Działania siły neofaszystowskie są odpowiedzią na nowo pobudzone postępowe ruchy społeczne, które pojawiły się w ostatnich latach. Potępiając „poprawność polityczną”, atakując wartości feministyczne i antyrasistowskie oraz broniąc posągów kolonialistów i handlarzy niewolników, nowa skrajna prawica żąda zwrotu do bardzo zachodnich wartości, które naprawdę leżą u podstaw liberalnej demokracji. Jak pisał bell hooks w 1994 roku:

Osoby publiczne, które mówią nam najwięcej o powrocie do staromodnych wartości… są ​​najbardziej zaangażowane w utrzymanie systemów dominacji – rasizmu, seksizmu, wyzysku klasowego i imperializmu.

Te nastroje są wprost mapowane na skrajnie prawicowe ruchy w USA, Wielkiej Brytanii, Australia, Francja, Włochy i szerszy zachód. Dopóki nie rozpoznamy, że zachodnia liberalna demokracja sama w sobie zawiera ziarna faszyzmu i nie rozwiniemy realnych alternatyw, pozostaje ona stale obecnym zagrożeniem.Konwersacje

O autorze

Bena Whithama, wykładowca stosunków międzynarodowych, SOAS, University of London

Artykuł został opublikowany ponownie Konwersacje na licencji Creative Commons. Przeczytać oryginalny artykuł.

złamać

Powiązane książki:

O tyranii: dwadzieścia lekcji z XX wieku

autorstwa Timothy'ego Snydera

Ta książka oferuje lekcje historii dotyczące zachowania i obrony demokracji, w tym znaczenie instytucji, rolę poszczególnych obywateli i niebezpieczeństwa autorytaryzmu.

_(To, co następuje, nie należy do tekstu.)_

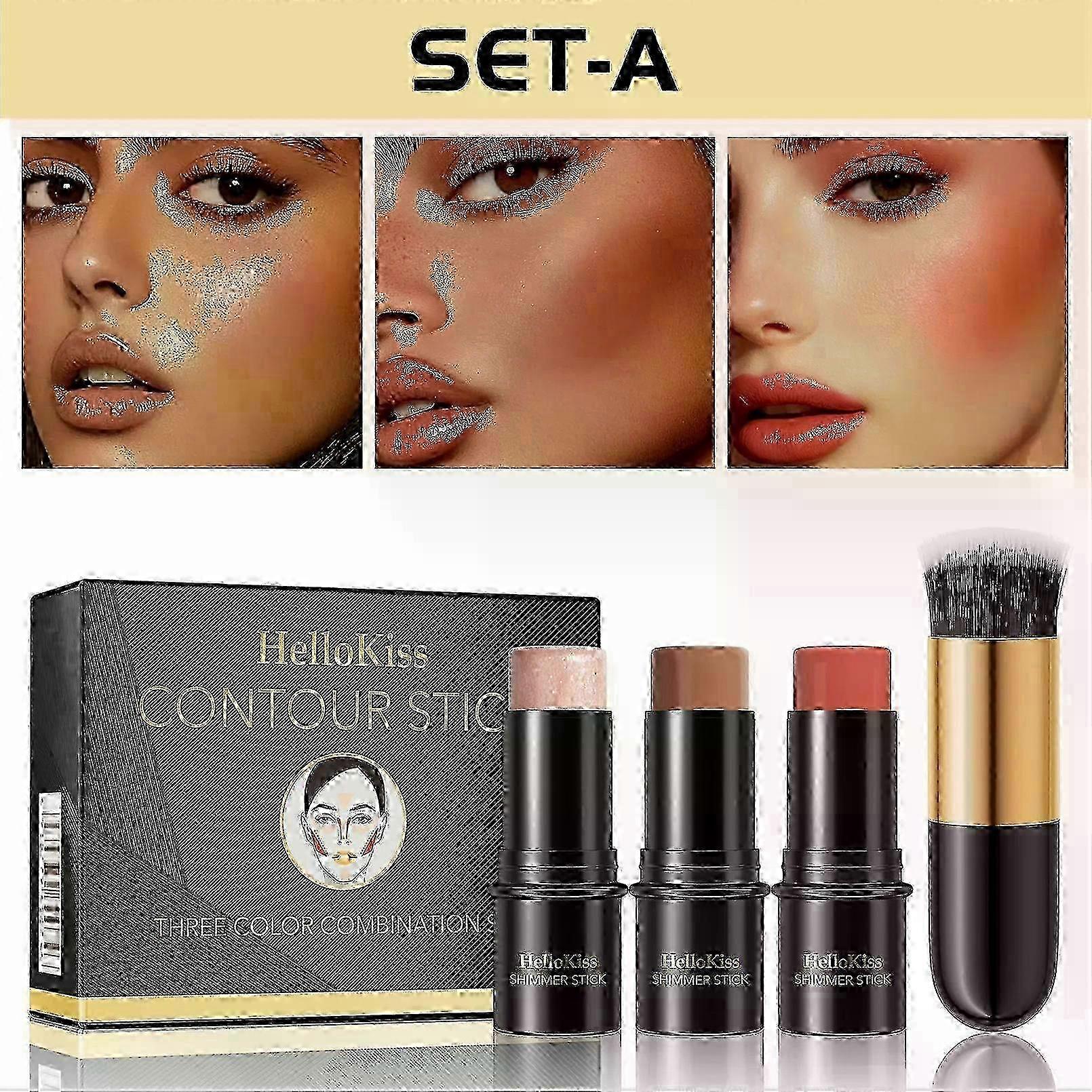 3Pcs Cream Contour Stick Makeup Kit, Shades with Highlighter, Blush and Bronzer Contour Stick for Cheeks, Lips, Eyes, Natural Face Contouring, Lo
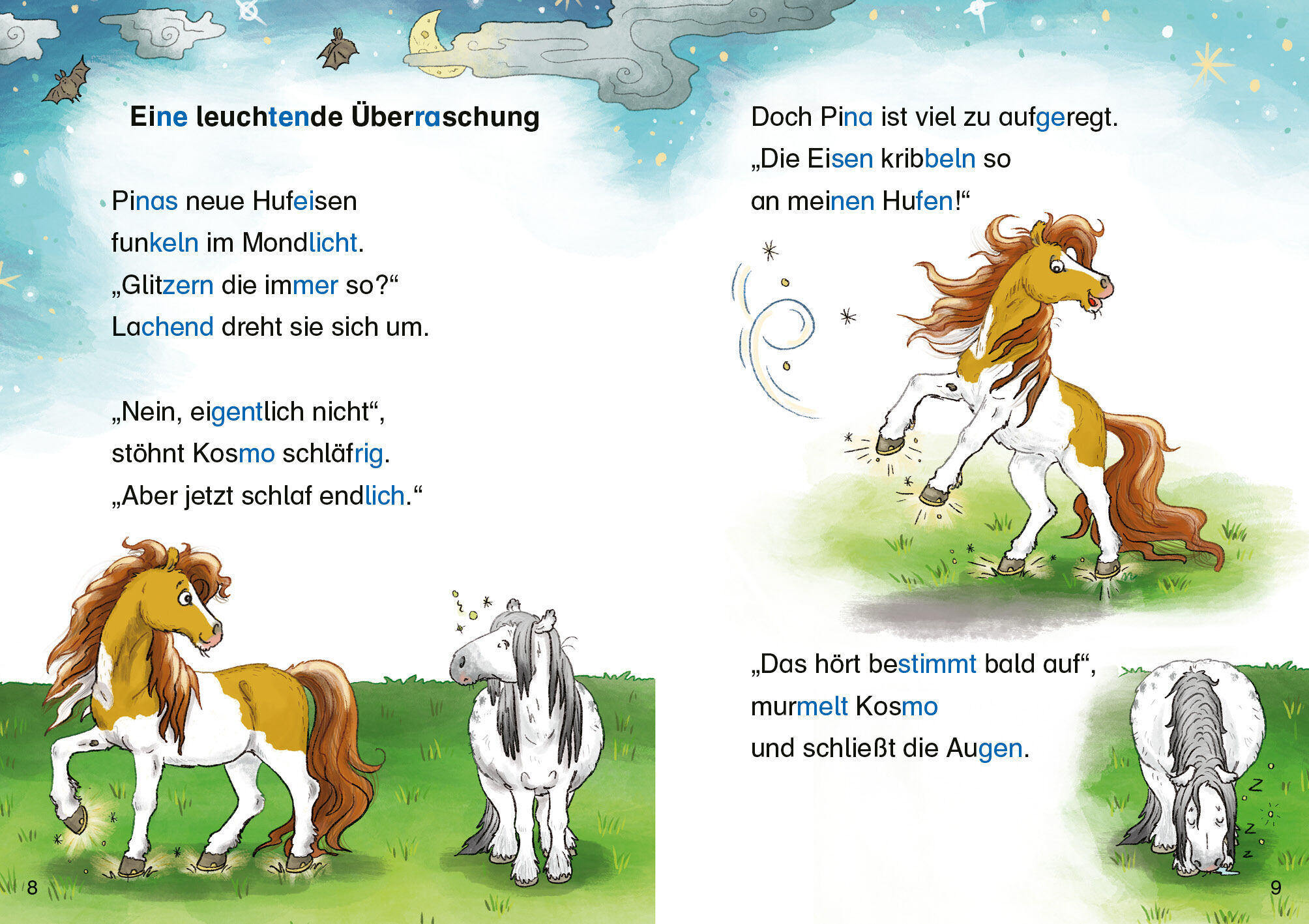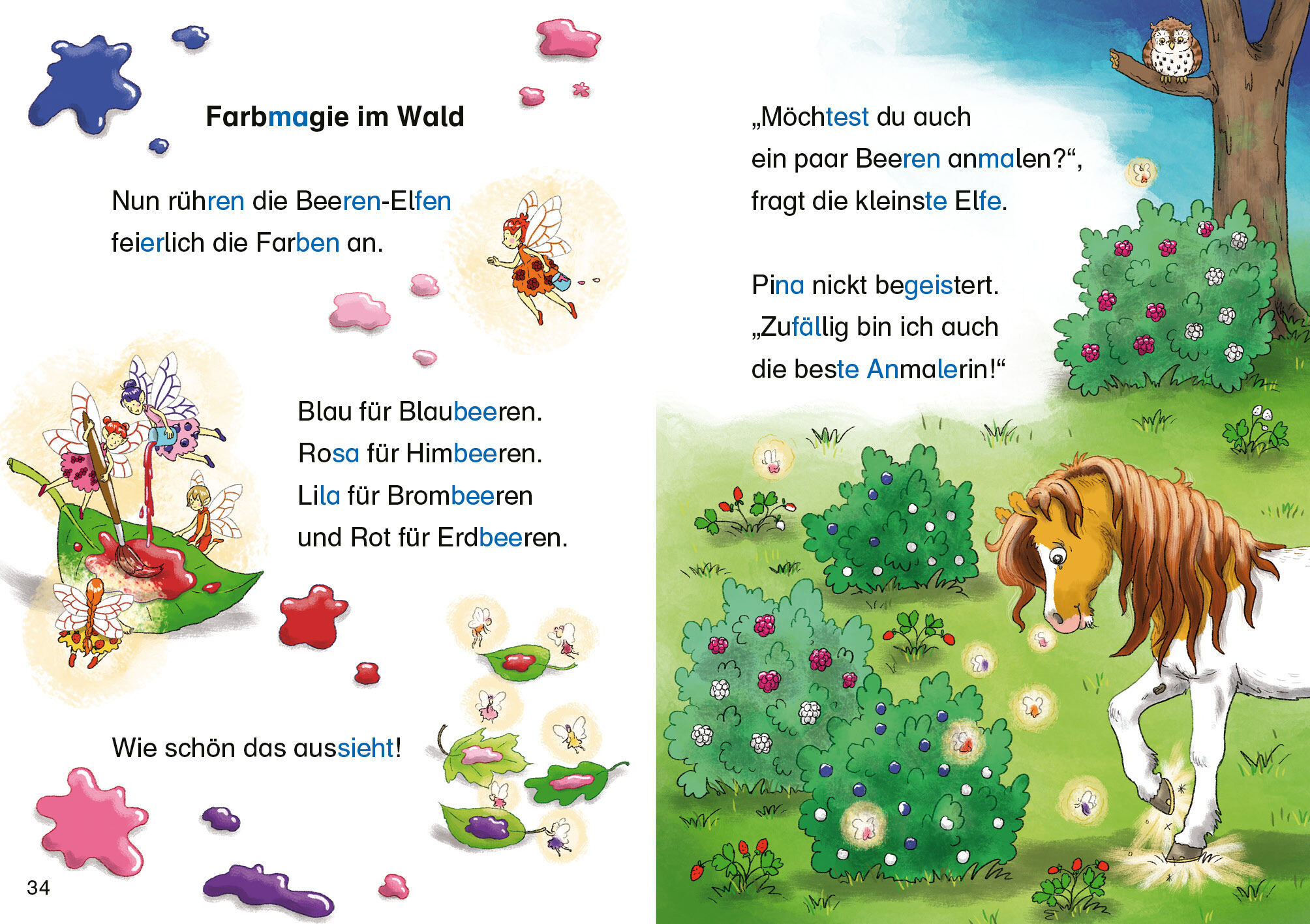 Ponyabenteuer zum Lesenlernen voller Magie, Witz und Herz Pony Pina kann es nicht glauben: Ihre neuen Hufeisen sind magisch! Sie leuchten ihr den Weg in den geheimen Elfenwald, wo Pina dringend gebraucht wird. Denn im Fluss ist kein Wasser mehr, um die Beeren ...

Kliknij, aby uzyskać więcej informacji lub zamówić

Nasz czas jest teraz: władza, cel i walka o sprawiedliwą Amerykę

autorstwa Stacey Abrams

Autorka, polityk i aktywistka, dzieli się swoją wizją bardziej inkluzywnej i sprawiedliwej demokracji oraz oferuje praktyczne strategie zaangażowania politycznego i mobilizacji wyborców.

Kliknij, aby uzyskać więcej informacji lub zamówić

Jak umierają demokracje

autorstwa Stevena Levitsky'ego i Daniela Ziblatta

Ta książka analizuje znaki ostrzegawcze i przyczyny rozpadu demokracji, opierając się na studiach przypadków z całego świata, aby zaoferować wgląd w to, jak chronić demokrację.

Kliknij, aby uzyskać więcej informacji lub zamówić

The People, No: Krótka historia antypopulizmu

przez Thomasa Franka

Autor przedstawia historię ruchów populistycznych w Stanach Zjednoczonych i krytykuje „antypopulistyczną” ideologię, która, jak twierdzi, zdławiła demokratyczne reformy i postęp.

Kliknij, aby uzyskać więcej informacji lub zamówić

Demokracja w jednej książce lub mniej: jak to działa, dlaczego nie działa i dlaczego jej naprawienie jest łatwiejsze niż myślisz

przez Davida Litta

Ta książka zawiera przegląd demokracji, w tym jej mocne i słabe strony, oraz proponuje reformy, które uczynią system bardziej responsywnym i odpowiedzialnym.